Protection and Preservation, Book 03
I have not been diligent in keeping this journal up to date. Judith saw it and ganged up with Jane to make me sit down and bring it up to date. We grew in the three years since the fight with the Memphians. Our married folk had more children.
Jane and Judith both blessed me with two more children and Judith is pregnant now. We already have George, Jr., Edith named after Judith's mother, Bethany, and Mark. Their names will live on and their lives remembered.
Along the way, we have had peace and perhaps that is the best thing. Abe says that we have fought our war and won. The slaves rescued from the Memphians and who survived the first year are well on the way to recovering fully and we have added some couples and small groups from across the Mississippi as well as from the northeast.

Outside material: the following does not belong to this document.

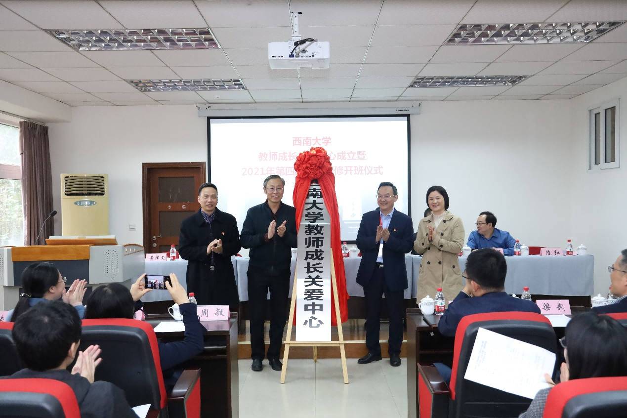 心理学部部长陈红在发言时表示,学部精心筛选了一批骨干教师提供专业心理服务,助力全校教职工都成为幸福的进取者。心理学部心理咨询与培训中心主任杨发辉老师与2021年第四期国情研修班学员分享教师如何进行成长关爱。

Protection now counts over one hundred full members and other associated persons. We are doing without power more and more. Batteries and fuel are becoming scarce and we do without much that we once thought was necessary.
Robby's wife, Pam, was having trouble becoming pregnant. She lost the child from the time of the fight with the Memphians and hadn't become pregnant since. My testing of them was inclusive as to the reason. They had adopted Charles and Melissa. The two were popular because they were good looking and intelligent. They seemed to be content to live with Robby and Pam and made no real effort to respond to the romantic attentions of any others their age. Both were over our age of consent. I thought about it but didn't worry much about it.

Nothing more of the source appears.